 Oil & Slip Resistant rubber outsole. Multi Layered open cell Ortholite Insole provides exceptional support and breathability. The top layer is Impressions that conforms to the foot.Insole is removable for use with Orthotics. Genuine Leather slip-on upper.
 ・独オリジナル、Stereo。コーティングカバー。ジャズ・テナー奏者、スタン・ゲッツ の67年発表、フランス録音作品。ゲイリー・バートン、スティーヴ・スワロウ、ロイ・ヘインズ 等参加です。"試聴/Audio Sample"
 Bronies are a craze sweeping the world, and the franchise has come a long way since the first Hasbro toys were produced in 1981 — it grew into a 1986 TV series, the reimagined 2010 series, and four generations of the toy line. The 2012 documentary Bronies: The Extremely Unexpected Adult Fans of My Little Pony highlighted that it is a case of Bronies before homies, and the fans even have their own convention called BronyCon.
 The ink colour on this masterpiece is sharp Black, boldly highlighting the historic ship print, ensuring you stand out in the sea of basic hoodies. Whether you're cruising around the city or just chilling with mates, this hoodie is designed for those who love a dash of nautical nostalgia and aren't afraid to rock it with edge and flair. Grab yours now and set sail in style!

...

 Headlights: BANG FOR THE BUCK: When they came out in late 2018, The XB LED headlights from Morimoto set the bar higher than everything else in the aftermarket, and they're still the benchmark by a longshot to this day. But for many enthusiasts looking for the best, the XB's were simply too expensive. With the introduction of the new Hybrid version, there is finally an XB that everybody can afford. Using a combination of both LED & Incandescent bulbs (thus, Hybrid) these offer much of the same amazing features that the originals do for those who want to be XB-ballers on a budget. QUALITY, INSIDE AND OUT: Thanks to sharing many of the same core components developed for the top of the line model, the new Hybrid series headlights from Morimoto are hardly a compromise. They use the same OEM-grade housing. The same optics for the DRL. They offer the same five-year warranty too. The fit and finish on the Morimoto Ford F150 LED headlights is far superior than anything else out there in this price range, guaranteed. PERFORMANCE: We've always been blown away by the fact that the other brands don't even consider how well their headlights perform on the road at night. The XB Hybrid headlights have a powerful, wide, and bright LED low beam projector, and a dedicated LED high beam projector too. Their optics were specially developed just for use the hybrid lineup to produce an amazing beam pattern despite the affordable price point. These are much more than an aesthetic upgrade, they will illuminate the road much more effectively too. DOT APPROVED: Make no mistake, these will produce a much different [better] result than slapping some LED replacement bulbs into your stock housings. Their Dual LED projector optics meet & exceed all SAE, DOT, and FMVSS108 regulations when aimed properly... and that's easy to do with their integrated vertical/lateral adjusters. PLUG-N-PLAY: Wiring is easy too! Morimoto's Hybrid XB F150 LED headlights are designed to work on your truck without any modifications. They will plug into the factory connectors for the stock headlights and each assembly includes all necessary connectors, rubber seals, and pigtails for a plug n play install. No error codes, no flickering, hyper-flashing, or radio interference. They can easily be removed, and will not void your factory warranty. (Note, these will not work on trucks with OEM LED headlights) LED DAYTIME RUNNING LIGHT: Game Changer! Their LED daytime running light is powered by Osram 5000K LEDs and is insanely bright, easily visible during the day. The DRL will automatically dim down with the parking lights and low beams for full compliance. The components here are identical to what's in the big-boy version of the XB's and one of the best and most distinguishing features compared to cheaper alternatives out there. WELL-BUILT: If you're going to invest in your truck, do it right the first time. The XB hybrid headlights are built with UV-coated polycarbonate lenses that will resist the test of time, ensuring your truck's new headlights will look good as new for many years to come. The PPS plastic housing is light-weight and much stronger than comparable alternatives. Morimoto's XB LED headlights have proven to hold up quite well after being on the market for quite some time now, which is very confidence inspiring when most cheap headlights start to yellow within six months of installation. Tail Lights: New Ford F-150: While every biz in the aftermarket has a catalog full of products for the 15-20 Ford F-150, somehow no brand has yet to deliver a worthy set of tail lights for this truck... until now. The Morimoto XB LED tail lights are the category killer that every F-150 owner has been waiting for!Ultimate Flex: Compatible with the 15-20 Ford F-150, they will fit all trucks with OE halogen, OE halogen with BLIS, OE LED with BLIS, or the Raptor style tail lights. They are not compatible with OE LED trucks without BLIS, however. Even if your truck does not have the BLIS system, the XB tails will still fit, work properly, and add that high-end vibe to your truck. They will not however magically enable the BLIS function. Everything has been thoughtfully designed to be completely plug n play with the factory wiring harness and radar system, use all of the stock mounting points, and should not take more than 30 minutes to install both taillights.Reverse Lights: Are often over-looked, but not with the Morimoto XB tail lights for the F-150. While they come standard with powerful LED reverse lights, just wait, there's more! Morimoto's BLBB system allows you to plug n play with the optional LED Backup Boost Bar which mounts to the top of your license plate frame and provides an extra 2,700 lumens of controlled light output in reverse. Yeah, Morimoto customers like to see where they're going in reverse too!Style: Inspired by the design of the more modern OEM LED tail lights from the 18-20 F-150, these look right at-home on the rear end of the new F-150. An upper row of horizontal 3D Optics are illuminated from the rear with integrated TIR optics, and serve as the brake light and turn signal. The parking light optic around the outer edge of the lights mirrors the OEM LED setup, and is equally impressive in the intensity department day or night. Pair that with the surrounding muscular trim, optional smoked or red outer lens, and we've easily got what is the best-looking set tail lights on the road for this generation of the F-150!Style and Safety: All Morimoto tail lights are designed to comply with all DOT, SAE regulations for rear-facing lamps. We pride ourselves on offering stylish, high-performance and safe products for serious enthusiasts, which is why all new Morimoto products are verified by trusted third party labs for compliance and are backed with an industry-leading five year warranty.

--

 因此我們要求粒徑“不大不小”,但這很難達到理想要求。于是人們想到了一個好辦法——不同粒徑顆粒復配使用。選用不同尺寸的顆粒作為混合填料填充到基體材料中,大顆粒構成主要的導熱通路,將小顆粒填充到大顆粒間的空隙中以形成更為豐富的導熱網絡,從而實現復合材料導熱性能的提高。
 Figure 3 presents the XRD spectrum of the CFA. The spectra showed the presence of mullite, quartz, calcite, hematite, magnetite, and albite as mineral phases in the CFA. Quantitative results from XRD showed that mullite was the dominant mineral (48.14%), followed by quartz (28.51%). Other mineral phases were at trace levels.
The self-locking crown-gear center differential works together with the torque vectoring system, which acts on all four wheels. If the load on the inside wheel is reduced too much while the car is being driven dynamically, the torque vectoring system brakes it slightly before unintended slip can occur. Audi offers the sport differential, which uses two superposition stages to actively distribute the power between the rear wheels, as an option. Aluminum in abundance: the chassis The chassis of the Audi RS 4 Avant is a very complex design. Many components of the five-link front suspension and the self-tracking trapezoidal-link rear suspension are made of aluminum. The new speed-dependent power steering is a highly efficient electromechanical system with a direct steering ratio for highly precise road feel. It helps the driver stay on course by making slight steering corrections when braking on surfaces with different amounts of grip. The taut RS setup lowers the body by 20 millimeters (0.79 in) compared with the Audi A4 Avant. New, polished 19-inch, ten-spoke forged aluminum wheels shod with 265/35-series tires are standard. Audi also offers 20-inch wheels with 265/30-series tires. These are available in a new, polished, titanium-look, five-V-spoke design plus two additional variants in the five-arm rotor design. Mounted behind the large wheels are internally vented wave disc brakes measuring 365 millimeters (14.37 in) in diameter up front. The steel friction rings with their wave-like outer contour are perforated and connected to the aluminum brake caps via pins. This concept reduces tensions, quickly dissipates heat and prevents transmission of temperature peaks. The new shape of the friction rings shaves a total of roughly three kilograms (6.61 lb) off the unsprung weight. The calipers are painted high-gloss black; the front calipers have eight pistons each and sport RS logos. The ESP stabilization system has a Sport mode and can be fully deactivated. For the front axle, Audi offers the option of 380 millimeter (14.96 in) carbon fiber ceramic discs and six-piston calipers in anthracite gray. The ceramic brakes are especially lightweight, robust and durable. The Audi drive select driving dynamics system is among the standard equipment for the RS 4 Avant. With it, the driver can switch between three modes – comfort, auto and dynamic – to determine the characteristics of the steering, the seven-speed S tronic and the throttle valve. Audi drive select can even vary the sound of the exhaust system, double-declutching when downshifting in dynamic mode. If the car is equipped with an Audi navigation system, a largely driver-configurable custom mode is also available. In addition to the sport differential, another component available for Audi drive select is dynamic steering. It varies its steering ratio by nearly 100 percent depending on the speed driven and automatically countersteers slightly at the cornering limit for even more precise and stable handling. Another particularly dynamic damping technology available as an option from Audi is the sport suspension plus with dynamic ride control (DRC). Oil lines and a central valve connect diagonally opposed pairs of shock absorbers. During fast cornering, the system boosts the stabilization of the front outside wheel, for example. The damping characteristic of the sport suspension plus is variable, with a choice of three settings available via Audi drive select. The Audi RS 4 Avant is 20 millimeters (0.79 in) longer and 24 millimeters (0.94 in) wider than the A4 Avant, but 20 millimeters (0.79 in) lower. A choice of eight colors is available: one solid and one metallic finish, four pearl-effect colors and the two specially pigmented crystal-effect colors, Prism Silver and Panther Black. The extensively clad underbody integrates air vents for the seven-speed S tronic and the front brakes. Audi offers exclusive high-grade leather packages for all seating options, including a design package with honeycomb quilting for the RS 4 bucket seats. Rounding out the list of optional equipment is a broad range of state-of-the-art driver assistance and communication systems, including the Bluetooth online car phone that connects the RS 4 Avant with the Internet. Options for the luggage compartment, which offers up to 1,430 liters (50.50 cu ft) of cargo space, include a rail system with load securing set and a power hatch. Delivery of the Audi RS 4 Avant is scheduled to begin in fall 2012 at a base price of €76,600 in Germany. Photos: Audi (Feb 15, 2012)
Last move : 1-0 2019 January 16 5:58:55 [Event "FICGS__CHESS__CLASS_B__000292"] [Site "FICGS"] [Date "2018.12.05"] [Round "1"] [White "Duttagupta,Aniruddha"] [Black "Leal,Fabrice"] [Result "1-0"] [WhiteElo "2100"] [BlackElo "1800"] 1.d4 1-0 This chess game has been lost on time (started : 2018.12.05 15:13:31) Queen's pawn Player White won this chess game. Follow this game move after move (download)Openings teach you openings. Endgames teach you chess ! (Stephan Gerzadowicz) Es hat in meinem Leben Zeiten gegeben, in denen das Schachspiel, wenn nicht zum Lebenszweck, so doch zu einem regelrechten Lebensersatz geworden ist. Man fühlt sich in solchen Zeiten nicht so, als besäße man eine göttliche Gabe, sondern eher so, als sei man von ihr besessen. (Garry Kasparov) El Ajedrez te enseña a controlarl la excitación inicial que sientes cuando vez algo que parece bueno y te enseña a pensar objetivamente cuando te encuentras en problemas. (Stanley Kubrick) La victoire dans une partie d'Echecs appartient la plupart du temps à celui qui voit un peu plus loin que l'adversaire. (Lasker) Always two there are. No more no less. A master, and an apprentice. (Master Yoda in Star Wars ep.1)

(What the task asks):
Could you return exactly the lines above from the line with "Oil & Slip Resistant" to the line with "The ink colour", both included, and nothing else?

(Reply to the exercise):
 Oil & Slip Resistant rubber outsole. Multi Layered open cell Ortholite Insole provides exceptional support and breathability. The top layer is Impressions that conforms to the foot.Insole is removable for use with Orthotics. Genuine Leather slip-on upper.
 ・独オリジナル、Stereo。コーティングカバー。ジャズ・テナー奏者、スタン・ゲッツ の67年発表、フランス録音作品。ゲイリー・バートン、スティーヴ・スワロウ、ロイ・ヘインズ 等参加です。"試聴/Audio Sample"
 Bronies are a craze sweeping the world, and the franchise has come a long way since the first Hasbro toys were produced in 1981 — it grew into a 1986 TV series, the reimagined 2010 series, and four generations of the toy line. The 2012 documentary Bronies: The Extremely Unexpected Adult Fans of My Little Pony highlighted that it is a case of Bronies before homies, and the fans even have their own convention called BronyCon.
 The ink colour on this masterpiece is sharp Black, boldly highlighting the historic ship print, ensuring you stand out in the sea of basic hoodies. Whether you're cruising around the city or just chilling with mates, this hoodie is designed for those who love a dash of nautical nostalgia and aren't afraid to rock it with edge and flair. Grab yours now and set sail in style!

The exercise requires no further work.